Since the opening of the Guantanamo Bay terrorist detainee facility in 2002, the Bush Administration has been under constant pressure to close the facility down. The existence of this facility is looked upon as an embarrassment to “freedom,” “liberty” and western ethics by its detractors and has served as a focal point of the anti-war movement the world over. Those against the facility maintain that it does more harm than good in our efforts against Islamofascist terror – if, that is, they even believe there is a problem with such terrorism in the first place. In any case, they want the thing closed down, the prisoners therein either remanded to civil authorities or released, and “civilized” people to denounce the entire concept.

Those who want this to occur are entirely wrong to imagine, however, that anything but harm would come from the act of closing Guantanamo down and we already have ample proof that this is so.

According to a report by Melbourne, Australia’s The Age, “at least 30 former Guantanamo Bay detainees have been killed or recaptured after taking up arms against allied forces following their release.” And these 30 are just those recaptured or those who intelligence sources have identified as having returned to their terror activities upon release, so the number could be even higher.

Lt. Command Jeffery Gordon of the Department of Defense told reporters, “We are aware of dozens of cases where they have returned to militant activities, participated in anti-US propaganda or engaged in other activities.” Lt. Commander Gordon reminded that these detainees had “successfully lied to US officials, sometimes for over three years,” yet here we have anti-war activists who are willing and ready to take the word of these terrorists over that of U.S. officials.

It is painfully obvious that releasing these terrorists caught on the field of battle is an insane idea. It has been proven that they merely go right back to their roles as enemy combatants once we release them. So why do it in the first place? Why restock the manpower and leadership structure of our bitterest enemy by doing so?

The report mentioned above quantifies the numbers for us. “An analysis of 516 Guantanamo detainees found that while there was no evidence linking six of them to terrorist activities, 95 per cent were a potential threat to US interests. This was based on their affiliations with groups such as al-Qaeda, their enthusiasm for violent jihad, their having undertaken small-arms training or having been willing to perform a support role for terrorism.”

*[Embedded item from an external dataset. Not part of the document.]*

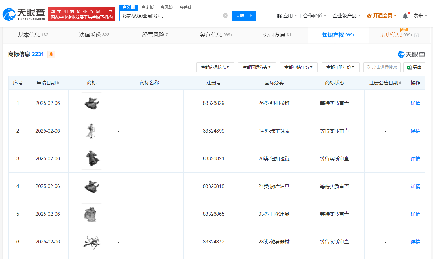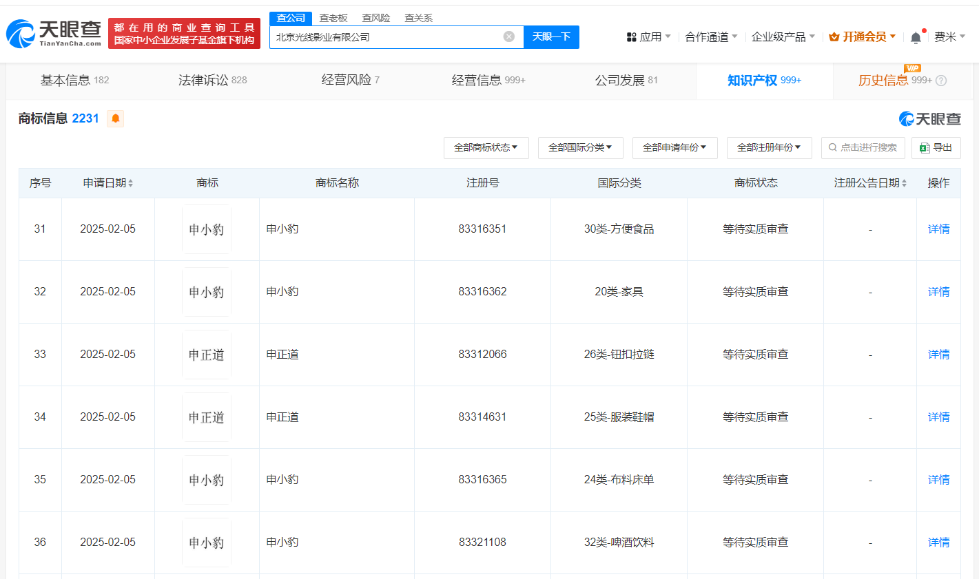 天眼查知识产权信息显示,近日,哪吒2出品方北京光线影业有限公司申请注册多枚“申正道”“申小豹”等文字商标以及无量仙翁、石矶娘娘等多名角色图形商标,国际分类包含钮扣拉链、厨房洁具、日化用品等,当前商标状态均为等待实质审查。
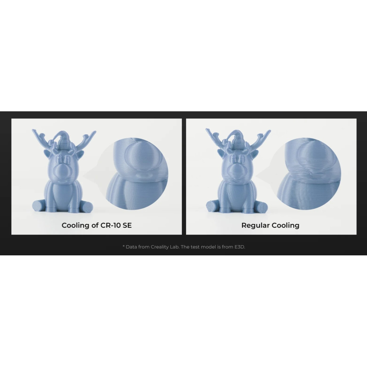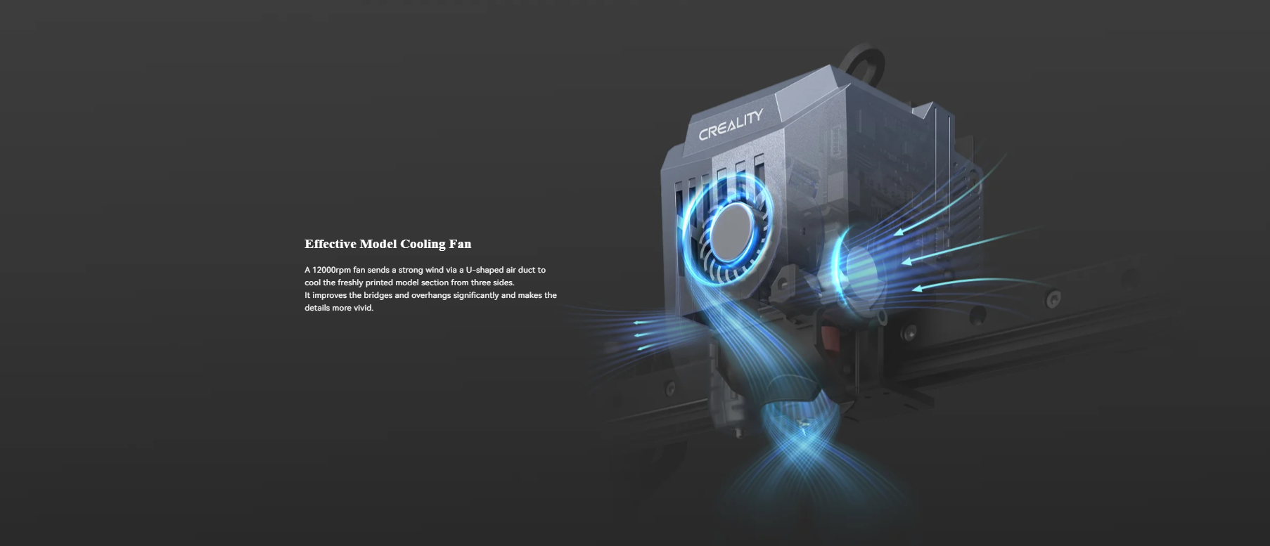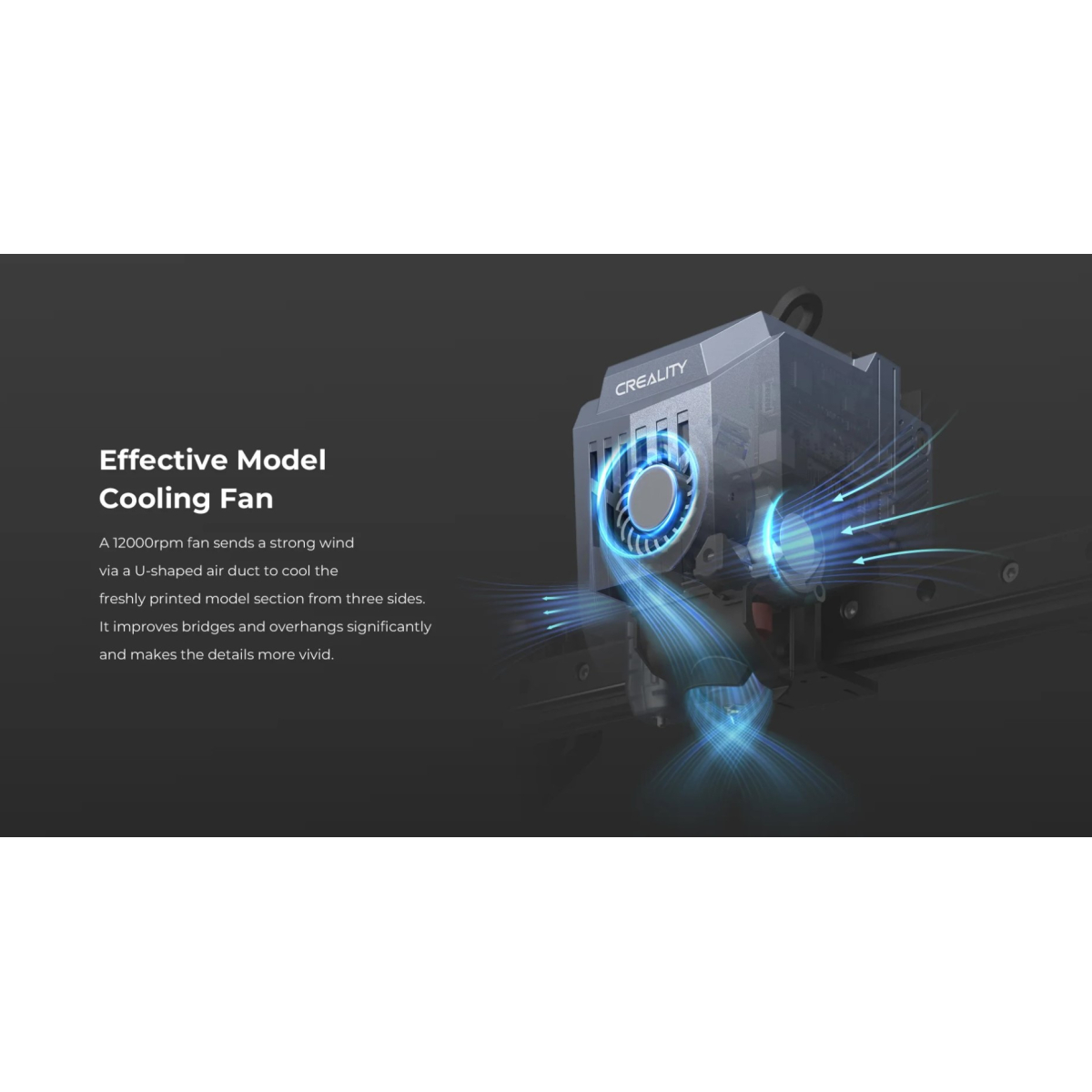 فن خنککننده مدل CR-10 SE با سرعت 12000 دور در دقیقه، جریان هوای قدرتمندی را ازطریق مجرای هوای U شکل به سمت مدل تازه چاپ شده هدایت کرده و آن را از سه طرف خنک میکند. این فرایند بهطور قابل توجهی کیفیت چاپ را با بهبود چشمگیر برجستگیها و افزایش وضوح جزئیات، ارتقاء میدهد.

But, even with that news, our purported ally in the war against Islamist terror, Britain, is pressuring us to release Guantanamo detainees that hold British citizenship. Yet, even with this foolish request, the Brits have no idea what to do with the detainees who will return to wreak havoc on their very shores.

After New Prime Minister Gordon Brown’s government made this outlandish request, Tory MP Patrick Mercer, a security expert, asked: “Will they be free to roam as they wish when they return to this country? Will they be considered for control orders and will they be considered for return to their countries of origin?”

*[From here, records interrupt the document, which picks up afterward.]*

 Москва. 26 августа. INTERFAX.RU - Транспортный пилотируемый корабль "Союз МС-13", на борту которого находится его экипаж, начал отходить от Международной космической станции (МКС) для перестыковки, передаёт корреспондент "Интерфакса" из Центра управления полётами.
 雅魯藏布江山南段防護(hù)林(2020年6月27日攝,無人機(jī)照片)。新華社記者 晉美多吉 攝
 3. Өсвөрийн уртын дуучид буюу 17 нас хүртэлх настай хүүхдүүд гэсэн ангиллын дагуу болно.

That is a very good question, isn’t it? And it dovetails right in with the point under consideration here. Won’t these people be free to restart their stalled Jihadist careers once released and on their own? Who could imagine they wouldn’t? So why release them to go right back to their nefarious activities?

To the U.S., this experience is not a new phenomenon. We have gone through this situation of releasing prisoners that only go back to the fight before and we stopped it then, too.

During the American Civil War, a practice had been in place whereby POWs from each side would be “exchanged” in a prescribed manner. This was supposed to alleviate either side from having to storehouse prisoners for too much time. While Lincoln never gave his official nod to the practice, as such an action would have recognized the Confederacy as a legitimate power, these exchanges went on none-the-less. But by 1864, once Ulysses Grant had taken the reins of the Federal forces fighting in the east, he stopped the practice.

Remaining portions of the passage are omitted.